Health & Hydroponics


Jason Henry for The New York Times

We have been paying more attention to hydroponics since mid-2011 when first introduced to the topic by Milo, who was our in-house agriculturalist for a stretch; we also appreciated at that moment getting to know more about the open source concept. Last year we were happy to see agriculture and open source covered by a thought leader we have been following since his visit to Kerala a few years earlier.  Today the question and the answer provided here by Sophie Egan is worth a moment of your time:

Are vegetables grown hydroponically as nutritious as those grown in soil?

The bottom line is it depends on the nutrient solution the vegetables are grown in, but hydroponically grown vegetables can be just as nutritious as those grown in soil.

“Much as I think that soil is just great for growing plants, hydroponics has come a long way,” said Marion Nestle, a professor of nutrition, food studies and public health at New York University. “I’ve seen hydroponic producers who have tested their leafy greens for key nutrients, and the amounts fall well within normal limits for their crop and are sometimes even higher.”

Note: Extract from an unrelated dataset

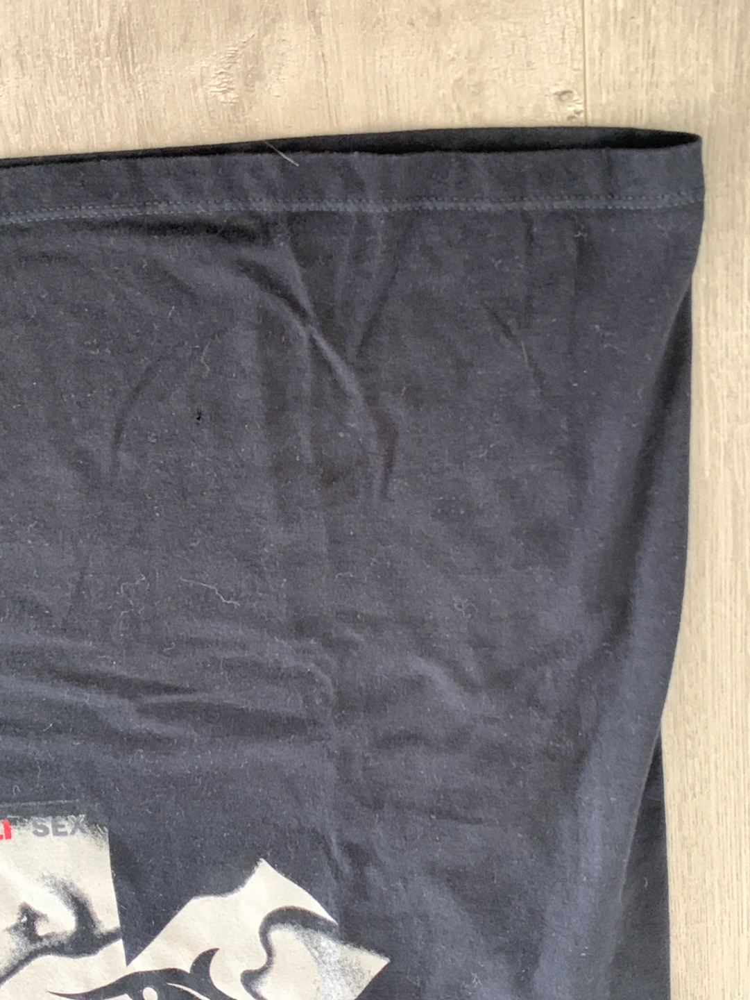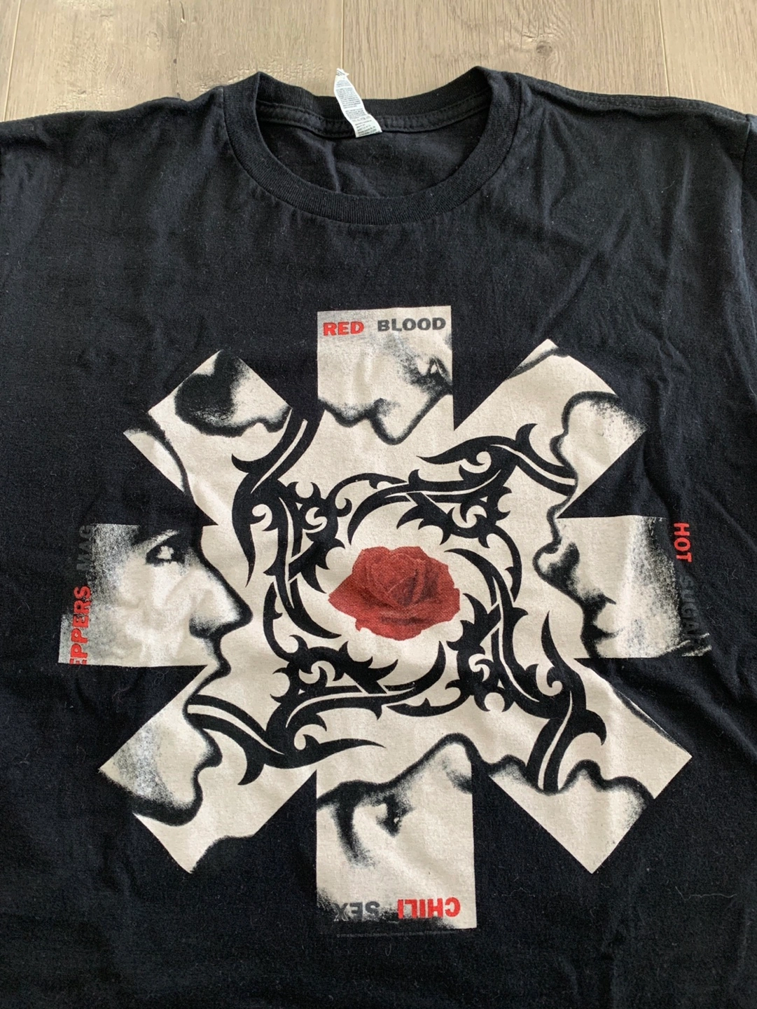 Black short sleeve band tee. Features the Red Hot Chili Peppers logo and album art for Blood Sugar Sex Magik .
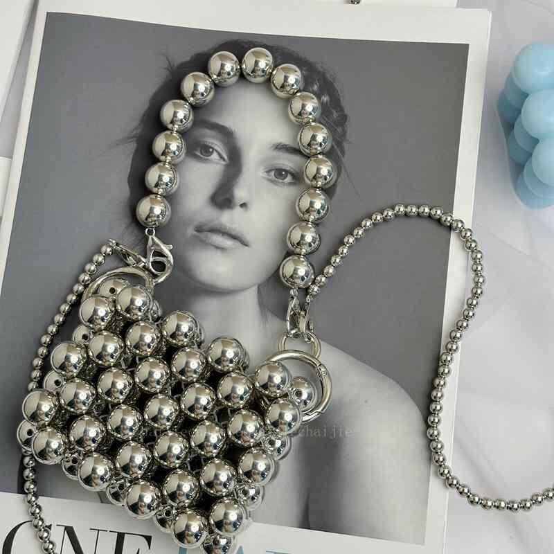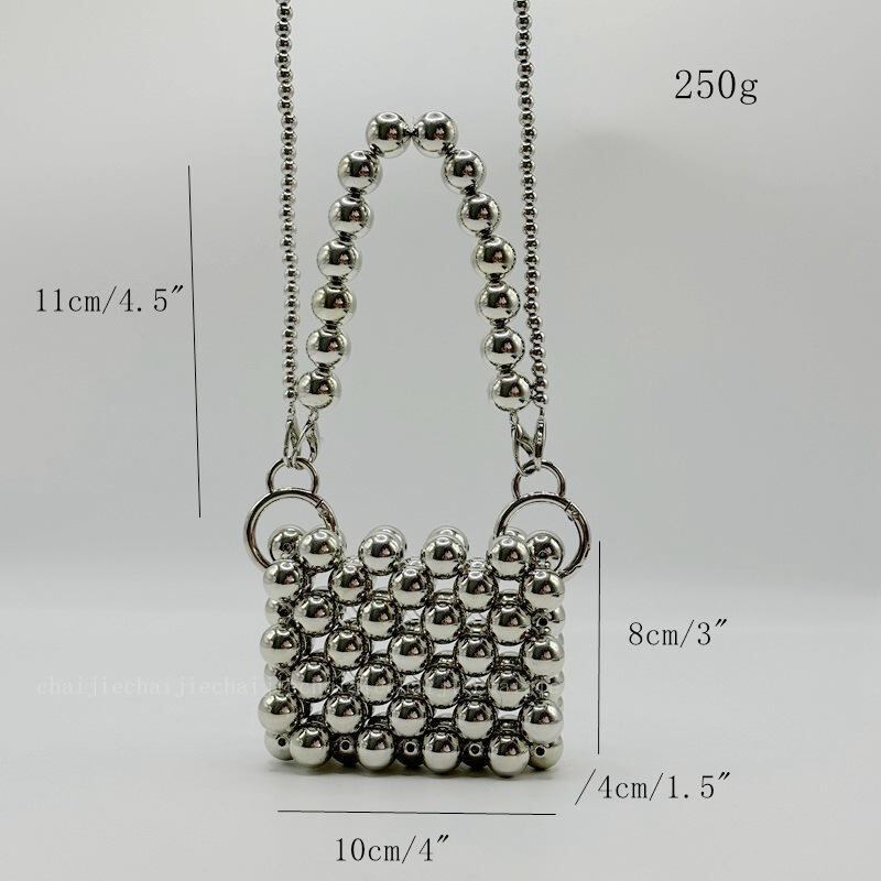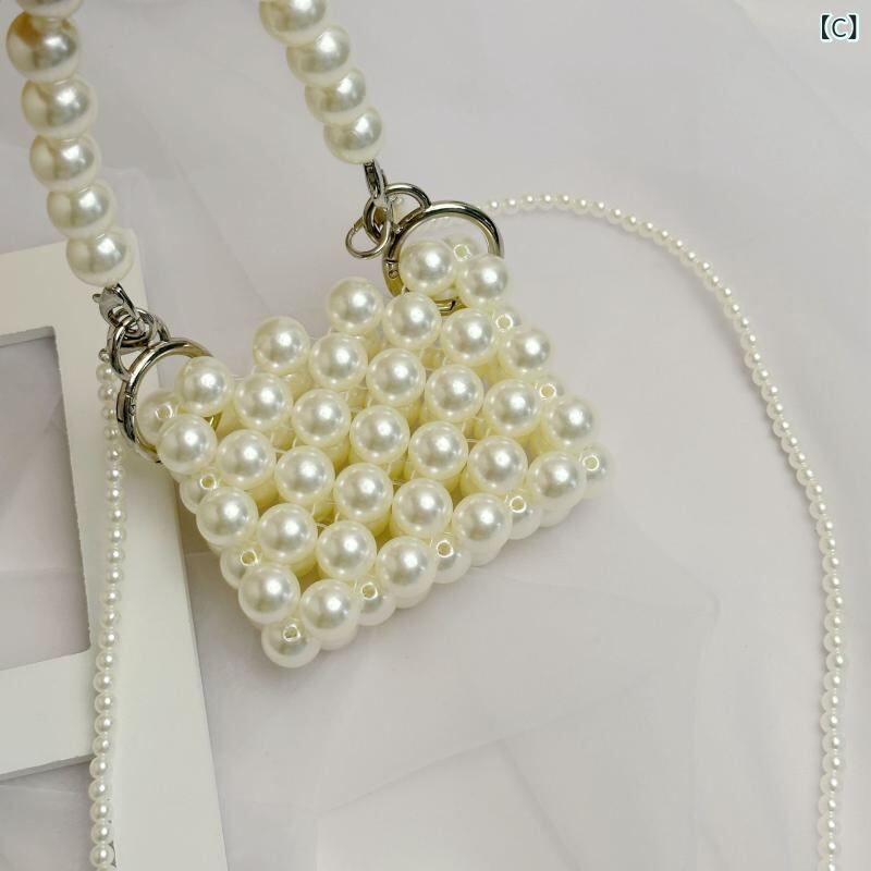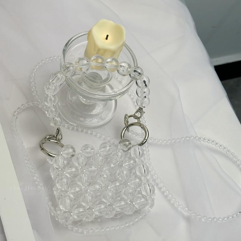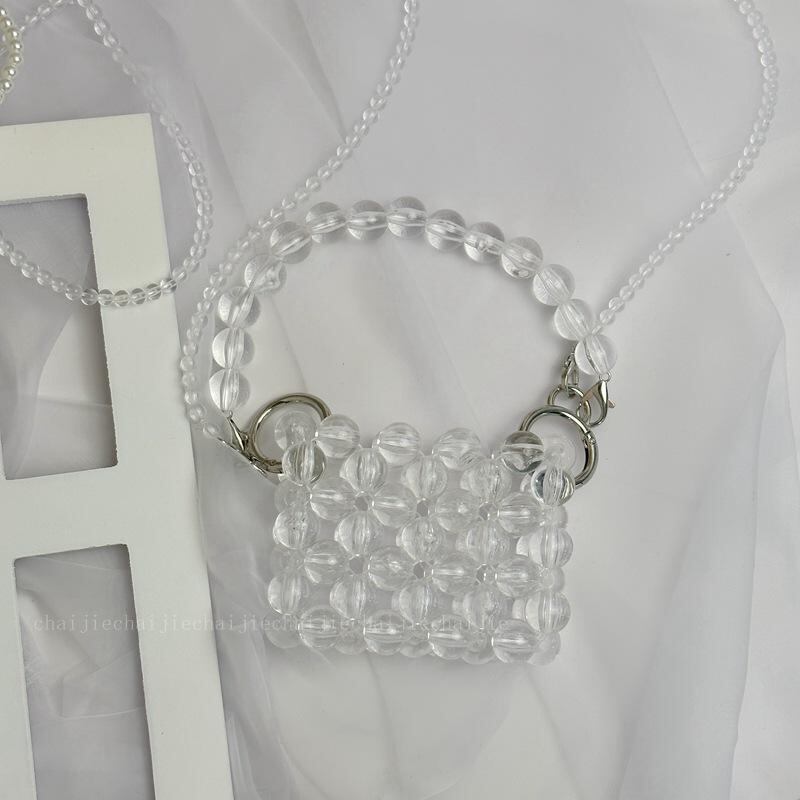 ショルダーバッグ レディース レトロ ミニ スクエア型 アクリル ビーズ チェーン 編み込み ハンドメイド 2way 手持ち 斜めがけ コンパクト デイリー カード入れ

Traditionally, plants obtain nutrients from soil. With hydroponics, the plants get nutrients from a solution instead. (Aeroponics, in which the plants’ roots are suspended in the air, is similar except fertilizer is misted onto the roots.) Usually inhabiting large warehouses or greenhouses, hydroponic plants are arranged indoors, often in tall shelves, and they rely on artificial light rather than sunlight.

Plants make their own vitamins, so vitamin levels tend to be similar whether a vegetable is grown hydroponically or in soil. It’s the mineral content that can vary in hydroponic crops, depending on the fertilizer used.

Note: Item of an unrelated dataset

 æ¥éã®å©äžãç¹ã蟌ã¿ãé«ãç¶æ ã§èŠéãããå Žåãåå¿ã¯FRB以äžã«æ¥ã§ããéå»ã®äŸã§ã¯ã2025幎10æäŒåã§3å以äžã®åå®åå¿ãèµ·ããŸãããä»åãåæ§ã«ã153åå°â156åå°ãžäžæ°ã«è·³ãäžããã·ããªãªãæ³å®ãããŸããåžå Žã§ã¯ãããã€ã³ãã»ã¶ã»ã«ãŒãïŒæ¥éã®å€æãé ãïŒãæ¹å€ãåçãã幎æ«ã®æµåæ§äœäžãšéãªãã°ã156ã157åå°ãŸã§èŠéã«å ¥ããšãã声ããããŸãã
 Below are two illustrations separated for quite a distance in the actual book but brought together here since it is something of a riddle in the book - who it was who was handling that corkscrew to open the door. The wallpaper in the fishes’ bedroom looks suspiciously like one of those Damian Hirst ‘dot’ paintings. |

“You can enhance” a plant’s nutrient levels “simply by adding nutrients to the solution” they’re grown in, said Allen V. Barker, a professor at the Stockbridge School of Agriculture at the University of Massachusetts, Amherst. “You could add whatever you wanted: calcium or magnesium, or minor elements like zinc or iron.” The result is that vegetables grown hydroponically could even be “nutritionally superior” to traditionally grown ones, he said.

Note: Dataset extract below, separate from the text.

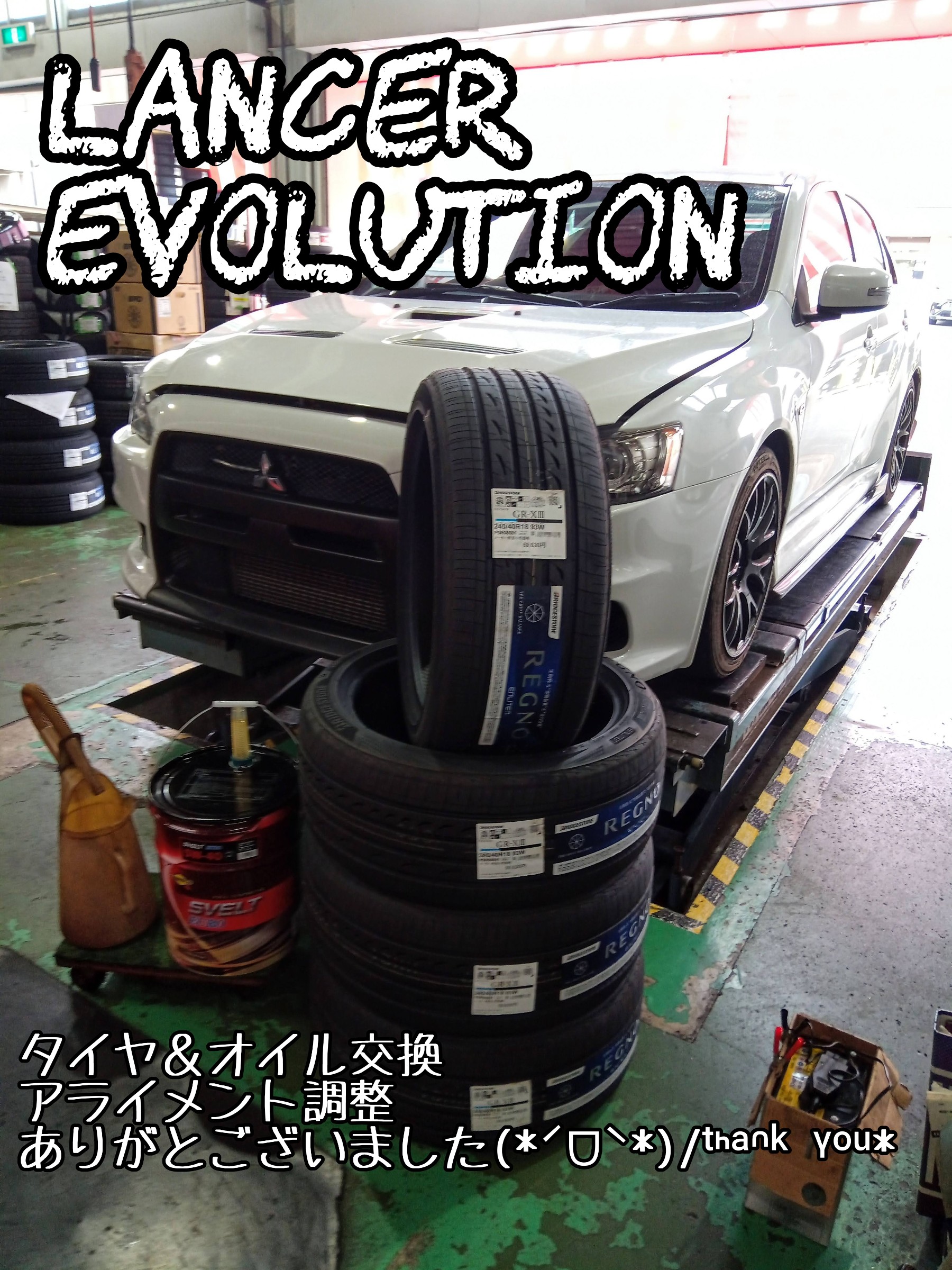 ランエボ10 タイヤ交換&アライメント調整 しました٩(´ᗜ`*)و

Keep in mind that nutrient content varies for produce in general, regardless of the growing method. The differences relate to the type of fruit or vegetable, the time of year it is harvested, how long after harvesting the crop gets eaten, and how it is handled and stored from farm to fork.

Remember, too, that these differences in nutrient levels are unlikely to have a significant impact on overall health. The key message from most nutrition experts is simply the more vegetables you eat, the better.